Sokak röportajında uzatılan mikrofona, kendisini izleyen kalabalığa önemli bir söylev veriyor edasıyla konuşan aksakallı muhterem zatın, fiyat artışlarını Allah’ın yaptığını büyük bir özgüvenle ve inançla söyleyebildiğine şahit olduk geçenlerde…

Sosyal medyada ortalığa dökülen bu görüntüler sonrasında, adı Liberal olan partinin eski genel başkanı böylesine büyük bir ekonomik kriz içerisinde bile AKP’nin barajı geçip geçemeyeceğinin tartışılmıyor olmasından büyük şaşkınlık duyduğunu açıkladı. Rasyonel ve eleştirel dünyevi bakış açısı yerine koşulsuz tapınmayı esas alan, gerçeğin sadece kendi kutsal kitabında yer aldığına inanan dinci anlayışlar ile liberal demokrasinin geniş yürekli “gel, kim olursan ol, gel” anlayışının kardeşçe beraber yaşayabileceğini ciddi ciddi kuramlaştıran liberal aymazlığın bu şaşkınlığı duyması çok da şaşırtıcı değil…

Postmodernizmin safça, akılsızca üstüne üstlük “özgürlük” gibi çok üstün bir kavramı ucuzlaştırarak yücelttiği “onun görüşü, saygı duyulmalı” mottosu ile “çelişkiler, liberal demokrasi ve piyasa ekonomisi içerisinde uzlaşıya ulaşır” öngörüsünün başımıza bela ettiği bir dünyayı yaşıyoruz beraberce.

Değersizleştirilip maddiyat kavramlarına endekslenen özgürlüklerin arkasına sığınarak saçmalamak tabii ki sadece bize özgü değil. Ama en muhteşemlerinin bu topraklarda yeşerdiği de çok kuvvetle muhtemel.

Örneğin, günümüzün Adalet Bakanı kameraların önüne çıkıp, “Türkiye’de tweet attı diye hakkında soruşturma başlatılan bir kişi yok. Tweet’in içinde yazandan dolayı soruşturma açılıyor” diye bir cümle kurabilecek cürete sahip.

Ayrıca, yine iktidarın TBMM’deki Grup Başkanvekili basın ve sosyal medyada özgür ifadenin kısıtlanması için hazırladıkları yasa tasarısı hakkında “İfade hakkı, eleştiri ve basın özgürlüğü kısıtlanmasın diye böyle bir çalışma yapıyoruz” şeklinde bir cümleyi kurabiliyor. Bahsettiği kısıtlamaları yapabilecek yegane gücün devlet olduğunu es geçerek; herhangi bir vatandaşın bu özgürlükleri kısıtlayabileceğini, kendilerinin ise bunu önleme gayretinde olduğunu ifade ediyor işi iyice pişkinliğe vuracak şekilde.

Yine aynı partinin üstün zekalı bir temsilcisi, zamlardan şikayet edenlere, “Karpuzu marketlerden alırsanız böyle olur; ben her sene karpuz ekiyorum” diyerek kendilerini karpuz seçer gibi seçen seçmenlerine hak ettikleri cevabı veriyor.

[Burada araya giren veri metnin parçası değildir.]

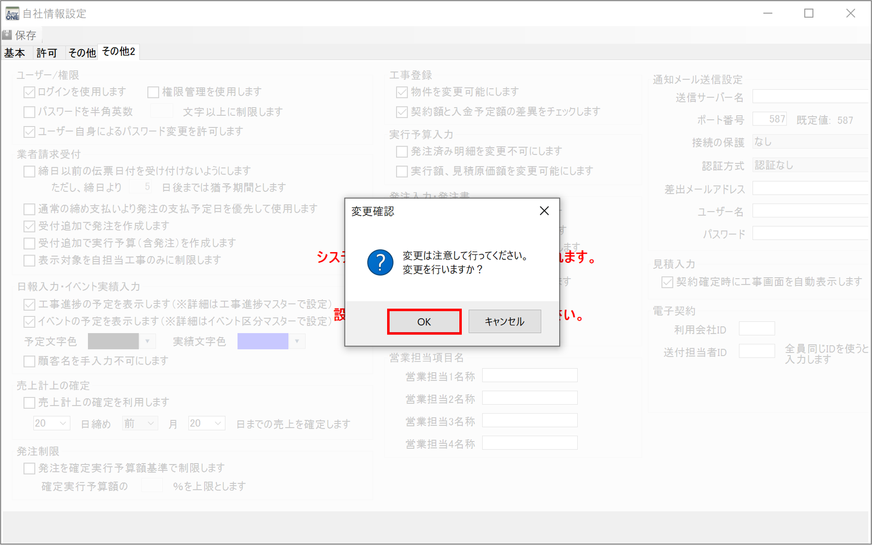 22)『変更確認』画面が表示されるので、「OK」ボタンをクリックします。

Dünyaya düz diyenler, -sanki primat sülalesinin kıllı üyeleri değilmişiz gibi- aşı yapılınca kıllı maymunlara dönüşeceğiz diye öfkelenenler, hepsi aynı tornanın ürünleri…

Şu memlekette günde 5 defa Can YÜCEL’i anmadan yaşamak mümkün mü?

Üçüncü sınıf futbolcu

Futboldan anlamayanımız yoktur; anlamasak da üzerine iki laf etmek adettendir. Zaten bir saha dolusu seyirci sayısı kadar farklı pozisyon, hakem yorumu da mevcuttur. Yani ne sallasan tutar…

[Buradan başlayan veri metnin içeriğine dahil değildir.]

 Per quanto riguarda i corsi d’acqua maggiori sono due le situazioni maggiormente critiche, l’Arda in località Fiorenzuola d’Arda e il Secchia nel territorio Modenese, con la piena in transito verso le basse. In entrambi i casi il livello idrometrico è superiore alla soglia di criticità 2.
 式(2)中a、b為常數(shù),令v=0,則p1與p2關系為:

Futbol hayatın bir yansımasıdır denir ya, gerçekten de öyledir.

İzlerken görürsünüz, bazı futbolcular pislik yapma konusunda tam anlamıyla uzmandır. Hakemin görmediği anlarda, rakip futbolculara oyundan düşürücü her türlü hareketi yaparlar. Tükürmek, vurmak, çelme takmak, ne arasanız vardır. Ama hakemle göz göze geldiklerinde, hele bir de rakip oyuncu kaza ile temas ederse tepesine taş düşmüş gibi kendisini yere atıp bağırmaya, sahada yuvarlanmaya ve çimenleri dövmeye başlarlar. Safça, tamam dersiniz adam ölmek üzere… Ama can vermezler, bilakis daha da canlanırlar, hele bir de hakem, rakibe o pozisyon için kart da gösterdiyse keyifleri daha da artar; yeni avlarına daha büyük bir iştahla yönelirler.

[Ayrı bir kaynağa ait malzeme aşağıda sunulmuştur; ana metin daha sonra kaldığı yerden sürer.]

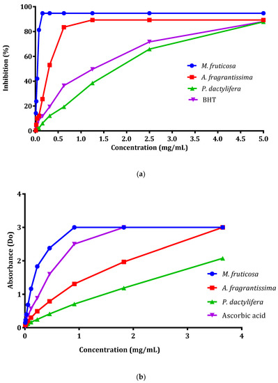 The IC50 values of DPPH radicals scavenging for pollen extracts of Micromeria fruticosa, Achillea fragrantissima, and Phoenix dactylifera were 0.047, 0.295, and 1.820 mg/mL, respectively (Table 2). Pollen extracts from Micromeria fruticosa and Achillea fragrantissima scavenged DPPH free radicals more effectively than pollen extracts from Phoenix dactylifera, which demonstrated a moderate activity. Figure 2a illustrates the dose–response curves of the DPPH radical activities of pollen extracts from Micromeria fruticosa, Achillea fragrantissima, and Phoenix dactylifera. The IC50 values of ferric reducing antioxidant power of pollen extracts from Micromeria fruticosa, Achillea fragrantissima, and Phoenix dactylifera, are summarized in Table 2. The IC50 values were found to be 0.039, 0.248 and 0.585 mg/mL, respectively. The dose–response curves of FRAP radical activities of pollen extracts are shown in Figure 2b.

Bu oyuncu sizin tuttuğunuz takımda olabilir. İşte, tam da o noktada, hayatın başka bir gerçeği ile yüzleşiriz. Üç grupta toplayabileceğimiz davranış kalıpları çıkar karşımıza;

1- Bazıları o davranışları hoş görür; “oyunun kuralı budur, maçı kazanmak için her yol mübahtır” diyerek o futbolcuyu ödüllendirir.

2- Bazıları susar; o davranışı doğru bulup bulmadıklarını anlayamazsınız.

3- Bazıları ise takımına karşı sevgisini muhafaza ederek o rezilliğe karşı çıkar; “olmaz böyle rezalet” der, eleştirir ve engellemek için elinden geleni yapar.

1’inci ve 3’üncü grubun siyasi atmosfer içerisinde nerede durduklarını rahatlıkla anlarsınız, ama o 2’nci grup yok mu, işte tüm denklemleri altüst edenler onlardır. Nazım Hikmet’in “Akrep gibisin kardeşim” şiirinde tasvir edildikleri gibidirler.

Mesela, seçim araştırmalarındaki kararsızlar işte tam da oraya aittir. Çıkarlarına göre diğer gruplardan birine dahil olurlar. Takım şampiyonluğa gidiyorsa anında 1’inci gruba geçerler ama takımın durumu nanay ise, 3’üncü grubun en ateşli üyesi oluverirler.

Siyasallaşmış din de, yukarıda tasvir edilen futbolcu gibidir. Toplu halde, kendinden olmayana hakaret eder, aşağılar; iktidara geldiğinde de hayatı dar eder.

Kendi toprağında önceden yerleşik olan medeniyetlerin eserlerini, kendi inancının tapınağına çevirmeyi savaş ganimeti kazanmaya benzetip hak olarak görürken; başkalarından kendi inancına yöneltilen her türlü eleştiri karşısında “kutsalımıza saldırıyorlar” diyerek ortalığı velveleye verir.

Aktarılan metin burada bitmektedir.